Jeśli obawiacie się, że niewiele zrozumiecie, bo nie jesteście zorientowani w psychiatrii dziecięcej, uspokajam: książka jest napisana zrozumiałym językiem bez trudnych pojęć. Marta Szarejko sama zaczęła dopiero zgłębiać ten temat, więc rozmowy, które przeprowadziła, są jasne i klarowne. Co nie znaczy, że mniej bolesne: momentami naprawdę ogarnia człowieka taka tępa bezsilność, że niewiele może tu zdziałać i nie bardzo pomóc. Co można, a nawet należy zrobić, to uważnie obserwować swoje lub bliskich dzieciaki i wyłapywać niepokojące sygnały, zamiast je lekceważyć. Warto również pamiętać i głosić, że wizyty u psychiatry czy psychologa to żaden wstyd.

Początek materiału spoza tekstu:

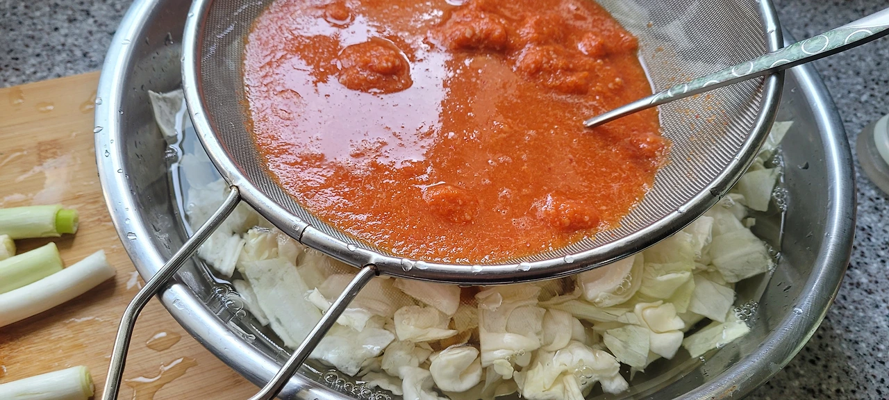 3. 소금에 절인 양배추 위에 물 3리터 붓고 믹서에 간 양념을 체망에 곱게 내려 줍니다.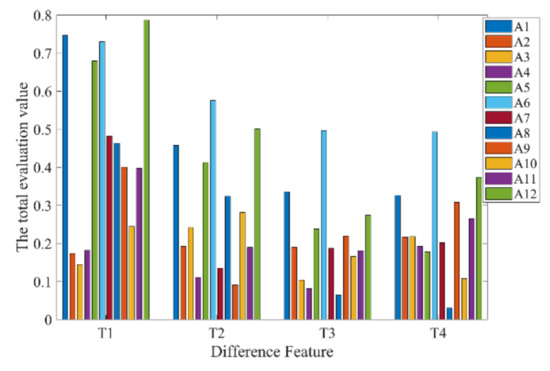 Then, the total evaluation value of the amplitude of difference feature T1 to algorithm Ai is expressed as follows: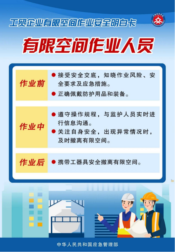 中毒和窒息事故在有限空間作業中比較常見.夏季天氣濕熱此類事故風險進一步增加如何防范?請學習工貿企業有限空間作業安全明白卡。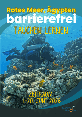 Wir tauchen gemeinsam ab, in den unterschiedlichsten Regionen dieser Welt. Natürlich auch in Deutschland, allerdings ist das Wasser hier kälter, die Sicht schlechter. Daher biete ich euch 2026 spannende Tauchkurse an, die ihr mit einer Urlaubsreise verbinden könnt. Möglich ist auch eine Kombination aus Pools-Ausbildung in Deutschland und Tauchgänge im Meer dann in der Karibik, im Atlantik oder im Roten Meer. Auf den Flyern unten seht ihr nur die groben Infos, bei Interesse schicke ich dir konkretere Angaben und weitere Möglichkeiten.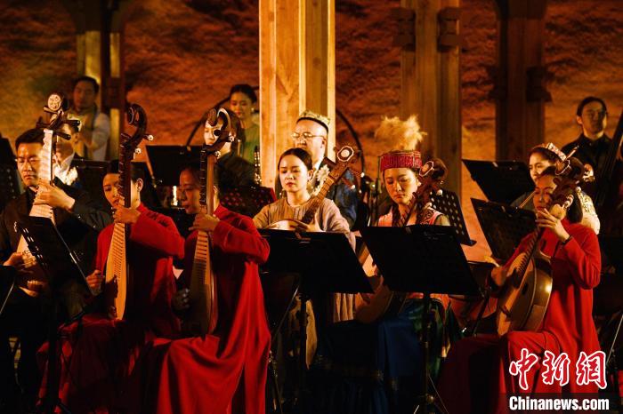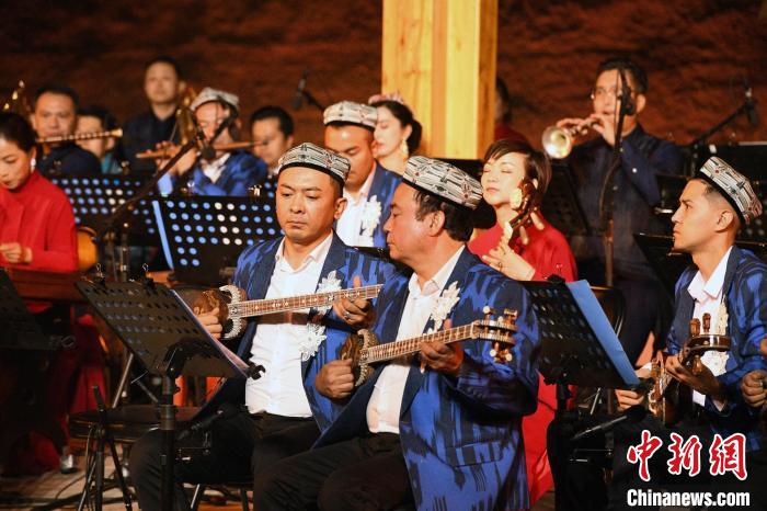 10月7日晚間,由上海民族樂(lè)團(tuán)、喀什地區(qū)歌舞劇團(tuán)聯(lián)袂演繹的《國(guó)樂(lè)詠中華》在新疆喀什市高臺(tái)民居舉辦,兩團(tuán)演奏了《絲綢之路》《天山意象》《花兒為什么這樣紅》《醉山水》《昆侖之春》《新疆是個(gè)好地方》等10個(gè)曲目,為當(dāng)?shù)孛癖姾捅姸嘤慰蛶?lái)了一場(chǎng)民族音樂(lè)盛宴。該演出還將于8日晚間再次上演。中新網(wǎng)記者 孫亭文 攝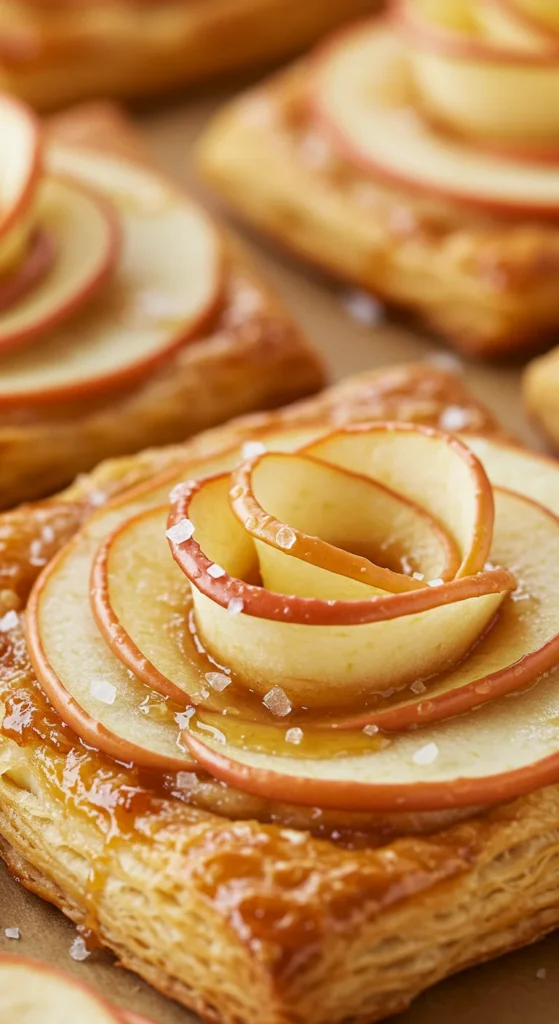 - Lay puff pastry on a sheet. Arrange apple slices.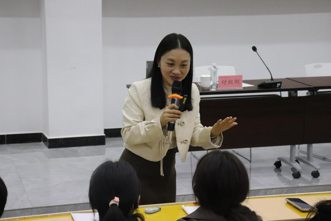 对于在场的小学教育专业师范生,付老师特别寄予厚望。她强调,师范生是未来小学教育的中坚力量,肩负着启迪儿童智慧、塑造人格的重任。作为未来的语文教师,师范生不仅要掌握教学知识,更需要在教学实践中具备敏锐的观察力和灵活的应变力,善于根据学生的特点调整教学策略,真正做到因材施教。付老师鼓励师范生在学习中扎实掌握阅读策略教学的基本方法,并在未来的教学中善于引导学生探索阅读的乐趣和价值。她深情说道:“阅读是一项伴随一生的能力,更是一个人精神成长的基石。”作为未来小学教育者,你们不仅仅是知识的传播者,更是学生阅读世界的大门开启者。通过你们的努力,孩子们能够发现阅读的魅力,养成终身学习的习惯,这是小学教育最美的意义。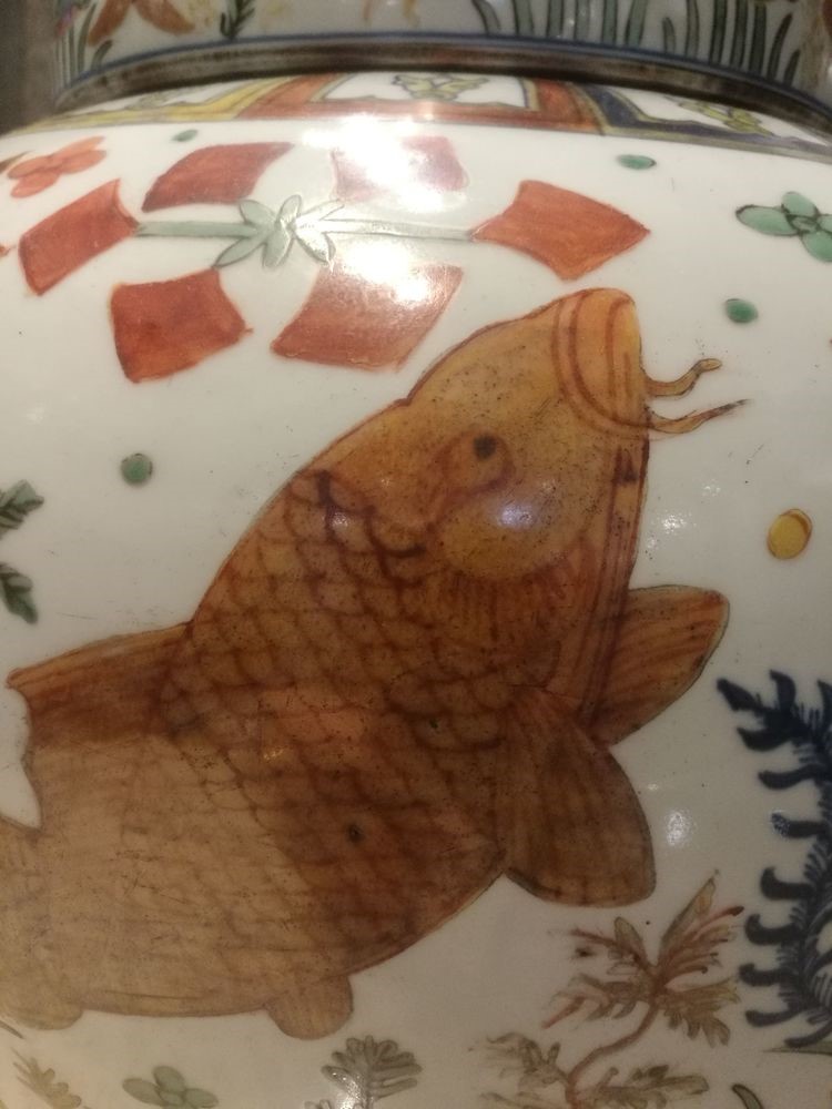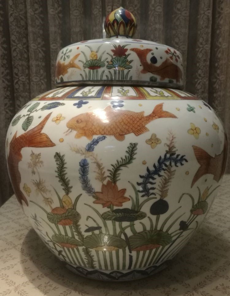 十大镇馆之宝之一,“大明嘉靖五彩鱼藻罐”h46.8Cm(存世七件:故宫博物院藏两件、天津博物馆藏一件(无盖)、国家博物馆藏一件(无盖)、上海博物馆藏一件(无盖子)、浙江金华私人藏一件、法国“吉美博物馆”藏一件,二O一七年香港苏富比拍卖一件(成交价含佣金2.1348亿元)这可谓是第八件。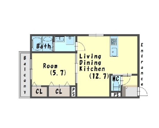 | 間取り詳細 | LDK 12.7畳 、 洋室 5.7畳 |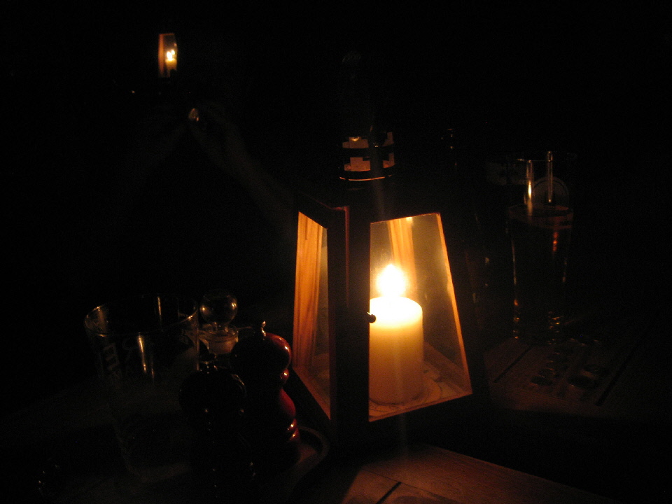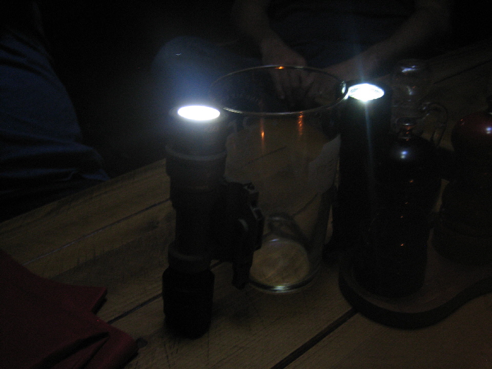 So we head back to The Red Lion and have another good meal and some beers ... then all-of-sudden, the power goes; music stops; lights go out. A few moments of darkness before the emergency lighting kicks in. We improvise with our own torches until the staff bring round candle-lanterns. We hear that the telegraph pole outside is on fire - so John "Fireman" Astbury decides he better see if he can help - and gets outside just in time to stop the landlady spraying a water fire extinguisher on the electricity box that's on fire up the pole! The fire brigade turn up and so does the Welsh Electricty Board - who are overheard saying that the box was on the list to be checked out. Too late. In the meantime we have some difficulty getting more drinks - we have to have bottled beer and only if we've got the right money!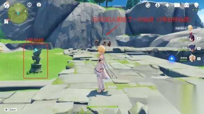 在1号仙灵台柱的右手边,我们可以看见一个仙灵被三个QQ人困住了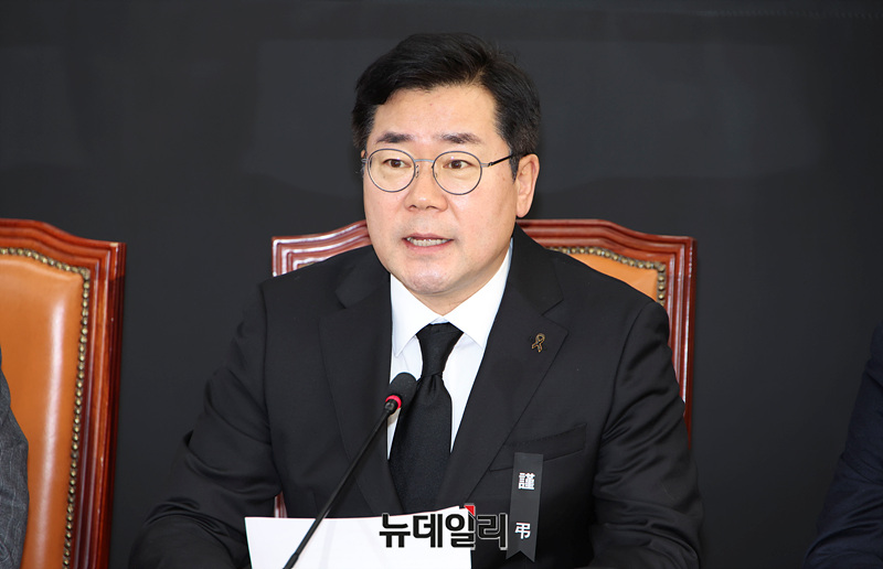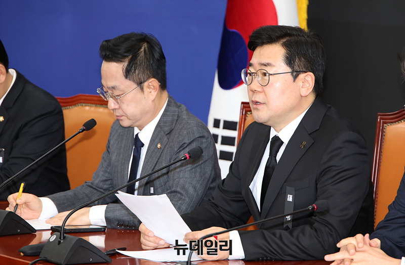 박찬대 더불어민주당 원내대표가 31일 오전 서울 여의도 국회에서 열린 원내대책회의에서 모두발언을 하고 있다.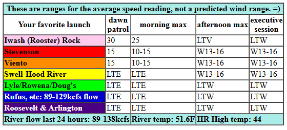 Monday kicks off with easterlies at 30mph near Iwash and 20mph near Stevenson with 15mph at Viento. You’ll get a couple hours of this. By late morning or early afternoon, the wind shuts down. After 1pm, it switches to westerly at 13-16mph from Stevenson to the Hatchery with less wind to the east. River flow over the last 24 hours was 89-138kcfs, river temp is 51.6F, and high temp forecast is 44F, which puts us under 100F total for water + air. Be safe out there!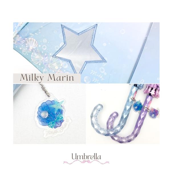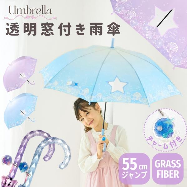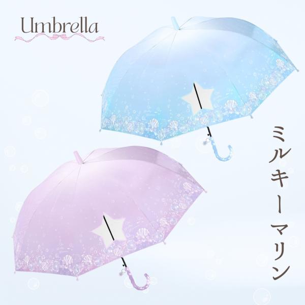 女の子 雨傘 長傘 ミルキーマリン 親骨55cm 8本骨 透明マド チャーム付き 子供傘 キッズ傘 子供 キッズ 可愛い かわいい 傘 ワンプッシュボタン付き ジャンプ傘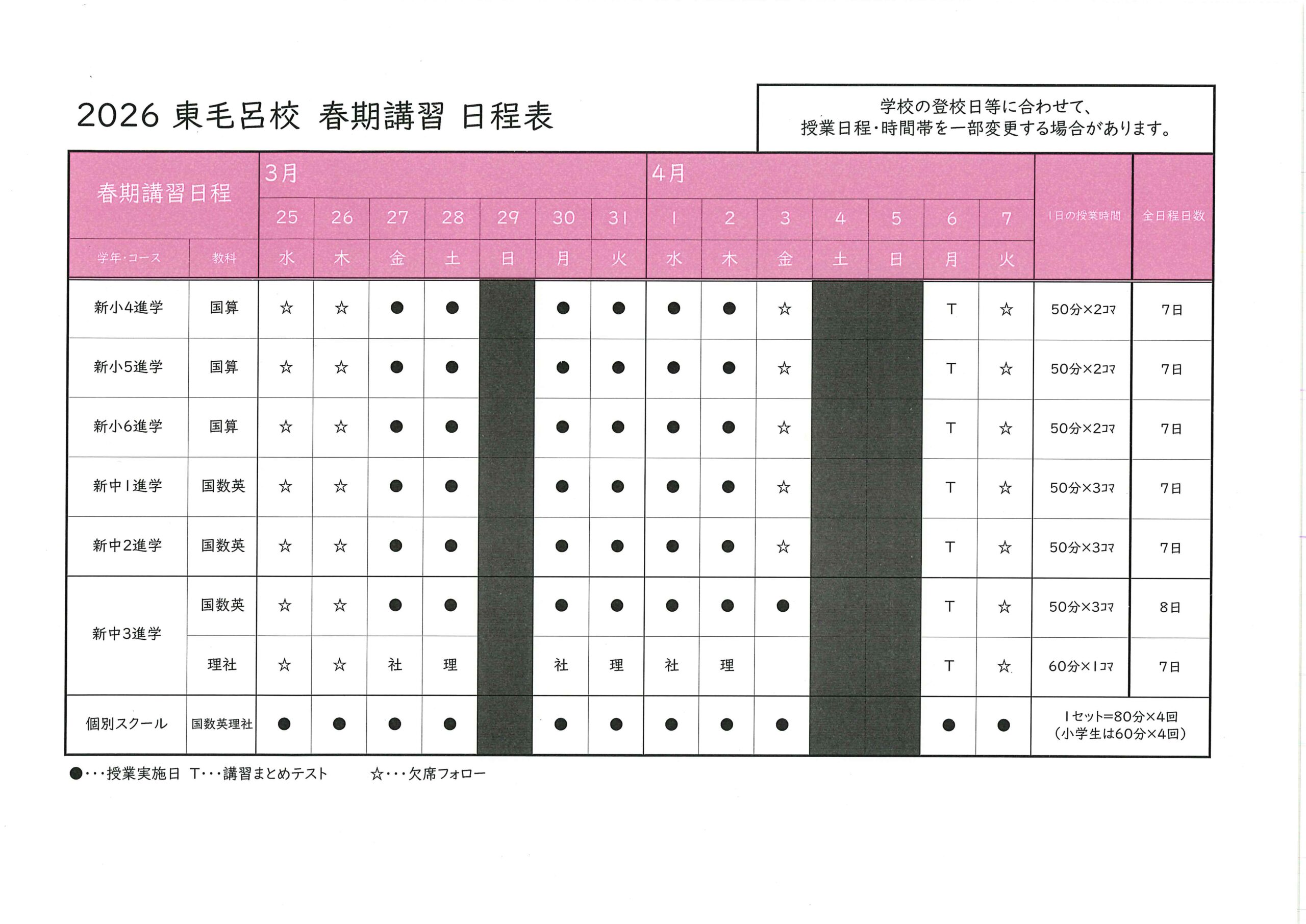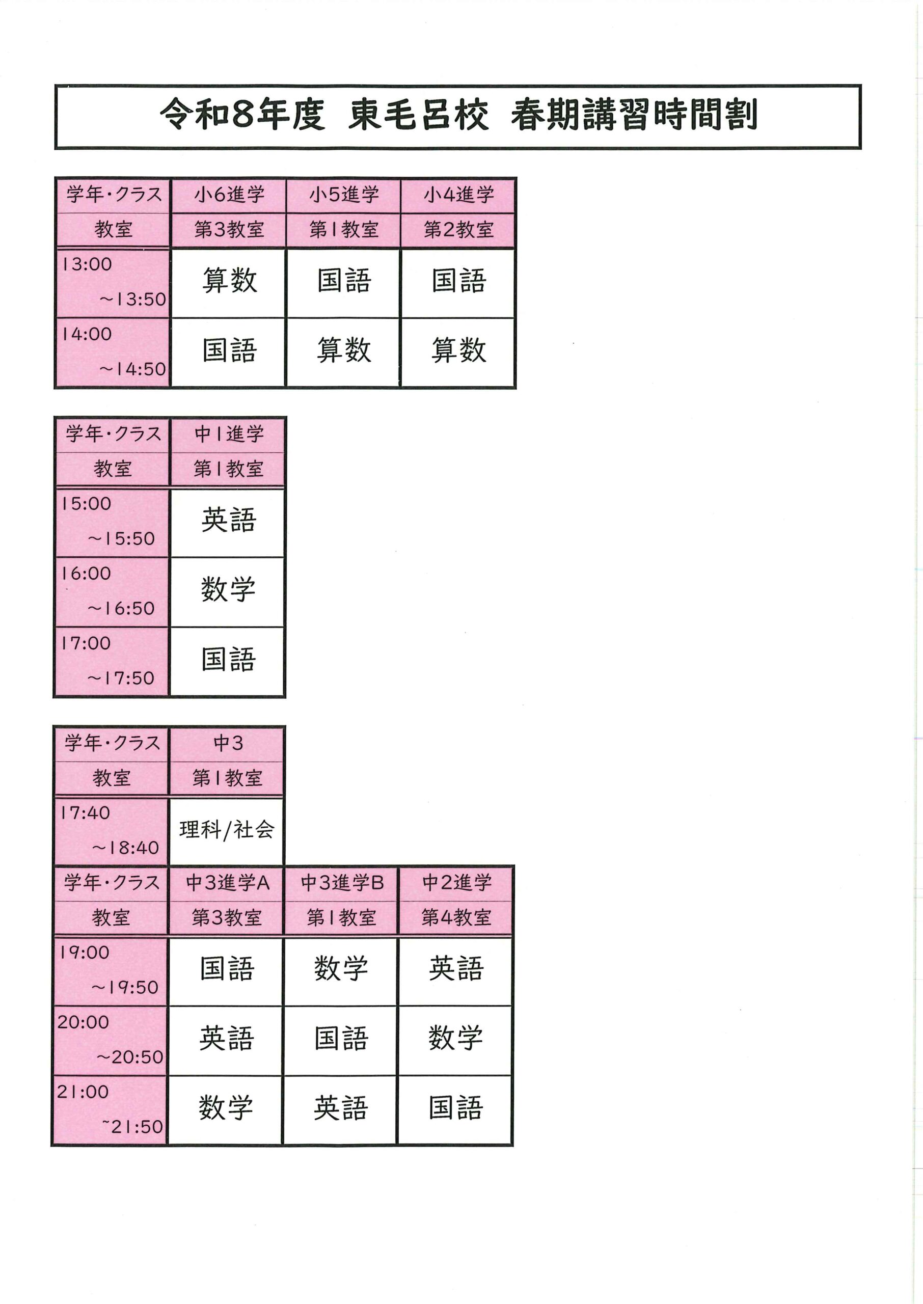 春期講習のご案内【坂戸・若葉・東毛呂】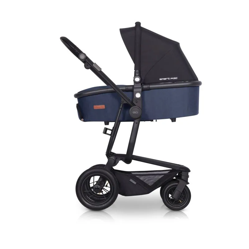 rāmis ar šūpuli bērnam līdz 9 kg (atbilst EN 1888-1:2018),šūpulis ar plakanu salocīšanas funkciju (Smart Fold funkcija),ventilācijas sistēma,matracis un polsterējums,plastmasas kājiņas šūpuļa apakšā (var novietot uz zemes),salokāms šūpuļa pārsegs ar noņemamu saules jumtiņu,pūšamie riteņi ar gumijas riepām un visu sezonu darbojošos protektoru,var regulēt ratiņu roktura augstumu,rokturis pārklāts ar ekoloģisku ādu,automātiska salocītā rāmja bloķēšana (atvieglo salocītā rāmja pārvietošanu),bremze bloķēta un atbloķēta, nospiežot no augšas,grozs zem ratiņiem.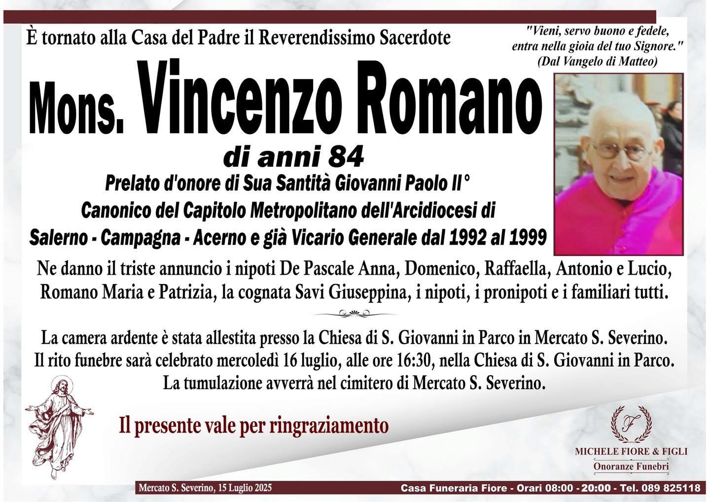 Mons. Vincenzo (Carmine Ciriaco) Romano, è nato a Mercato S. Severino il 6 febbraio 1941 da Raffaele e Maria D’Arienzo. Fu battezzato nella chiesa di S. Maria delle Grazie il 9 febbraio 1941. Dopo aver frequentato le scuole elementari e la prima media a Mercato S. Severino, entrò nel seminario arcivescovile di Salerno nel 1953 e successivamente nel pontificio seminario regionale “Pio XI” di Salerno, frequentando il triennio liceale e gli studi teologici.

Czy gdy idziemy do neurologa, kardiologa czy dermatologa ktoś się z nas śmieje? Czy ktoś zaleca, by nie wymyślać i więcej ćwiczyć, gdy mamy kłopoty z sercem? Czy znajomi poklepują nas po plecach i każą wziąć się w garść i chodzić normalnie, gdy skręcimy kostkę? No właśnie.
Rodzice czasem nie rozumieją, że jeśli powiedzą dziecku: Jesteś leniwe, to ono, w okresie poszukiwania swojej tożsamości będzie w to bardzo wierzyć. Dzieci nie wiedzą, jakie są, szukają różnych dowodów na to, jakie mają cechy. I kiedy coś takiego usłyszą, możliwe, że będą latami o tym pamiętać, nosić jak brzemię.
Marta Szarejko porusza ze swymi rozmówcami szereg ważnych tematów: Jakie powinny być obowiązki każdego rodzica? Jaką wartość ma obecnie rodzina, podstawowa komórka społeczna? Czy winą za zaistniałą sytuację możemy obarczyć jedynie szpitale psychiatryczne? A co z placówkami wychowawczymi, poradniami psychologicznymi, szkołami czy lekarzami pierwszego kontaktu? Dlaczego dzieci nie szukają pomocy u dorosłych? Problem jest wielowymiarowy i głęboki, jednak by zacząć go rozwiązywać, musimy go zrozumieć. Stany ostre będą nam pomocą.